I'm playing with this to remove text and noticed that if I feed a large and medium size images I get the error: OutOfMemoryError: CUDA out of memory. Tried to allocate 485.16 GiB. GPU 0 has a total capacity of 23.50 GiB of which 11.37 GiB is free.

Your model is quite small and I'm surprised why it requires so much memory (more than 10 GB)?

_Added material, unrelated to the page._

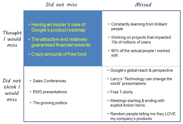 从 Monical 的四象限图中,可以看出为 Google 工作,经济利益、Google 产品的路线图反而不是令人想念的。他最想念 Google 里面的人,获得学习的机会,自我价值的实现,里面影响了你的人,简单明了的人际关系,大公司的视野以及一些有趣的文化。

I tried downsizing the input image to 1024 x 1024 but still got OOM.

At the moment I can make an inference model using bfloat16 and an image size of 1024 x 512. In this setup, the model uses 8GB, which is still quite a lot.
My code:

import torch
from modules.Losses import *
from torchvision.utils import make_grid
from torchvision import transforms as T
from PIL import Image
from modules.FETNet import FETNet
from utils.erode import *
from matplotlib import pyplot as plt


def plot(image,si=[12,12]):
    fig, ax = plt.subplots(figsize=si);ax.imshow(image,cmap='gray')
    ax.get_xaxis().set_visible(False);ax.get_yaxis().set_visible(False)
    plt.show()


# Downsample the input image to reduce memory usage
def load_and_preprocess_image(image_path, size=(512, 1024)):           # NOTE: set (1024, 1024) to get OOM
    img = Image.open(image_path).convert('RGB')
    img = img.resize(size)
    img = to_tensor(img).float()
    img = torch.unsqueeze(img, 0)
    return img


to_tensor = T.ToTensor()
to_pil_image = T.ToPILImage()

G = FETNet(3)
ckpt_dict = torch.load("scut_enstext.pth")
G.load_state_dict(ckpt_dict)
G = G.to("cuda").to(torch.bfloat16)
G.eval()

total_params = sum(p.numel() for p in G.parameters())
print(total_params)

img = load_and_preprocess_image("2.jpg")

with torch.no_grad():
    img = img.to("cuda").to(torch.bfloat16)
    fake_B, masks_out = G(img)

comp_B = fake_B * (1 - masks_out) + img * masks_out
for k in range(comp_B.size(0)):
    grid = make_grid(comp_B[k:k + 1])
    grid = to_pil_image(grid)
    plot(grid)

Test image:
2

Therefore the issue remains the same. Don't you think that the model is consuming too much memory?
Perhaps there is a memory leak somewhere in the source code?